**Provided material**:
[Start of section]

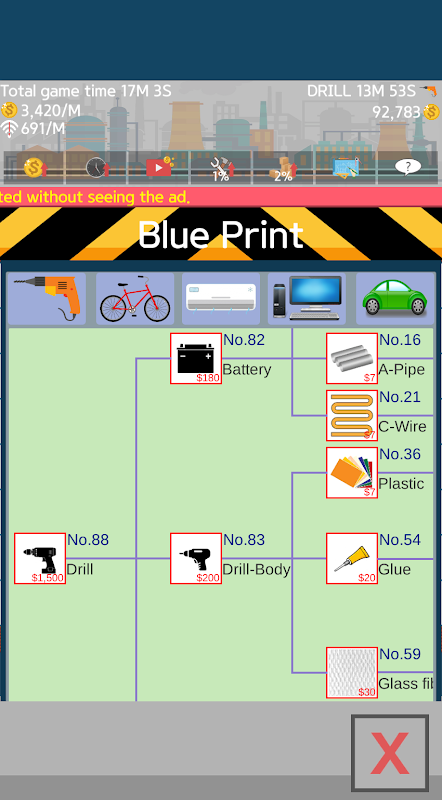 1. The Factory Line Game is to make intermediate products as base materials and 5 final products.
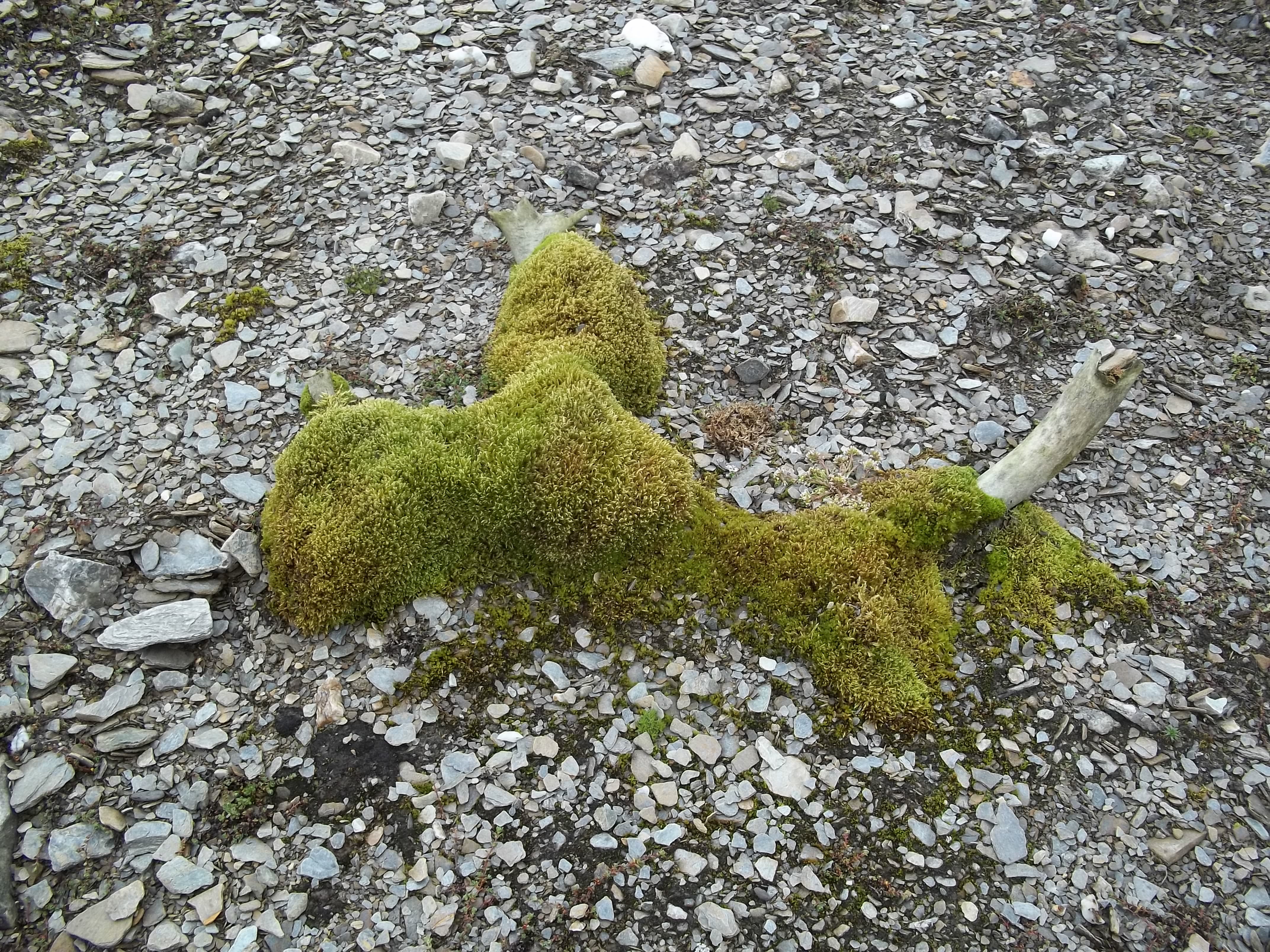 A moss covered reindeer antler on the south beach of Lake Linne. Isfjord Radio at Kapp Linne, Svalbard.
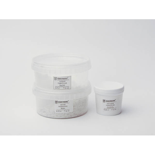 Состав набора (кг): Гидроокись калия «ч» — 0,25. Гидроокись натрия «ч» — 0,2. Гидроокись кальция «ч» — 0,05.

[End of section]

**How to complete this task**: The line with "A moss covered" marks the start, and the last line of the material marks the end. Reproduce exactly those two lines and every line between them, without the pictures.

**Answer to the problem**:
 A moss covered reindeer antler on the south beach of Lake Linne. Isfjord Radio at Kapp Linne, Svalbard.
 Состав набора (кг): Гидроокись калия «ч» — 0,25. Гидроокись натрия «ч» — 0,2. Гидроокись кальция «ч» — 0,05.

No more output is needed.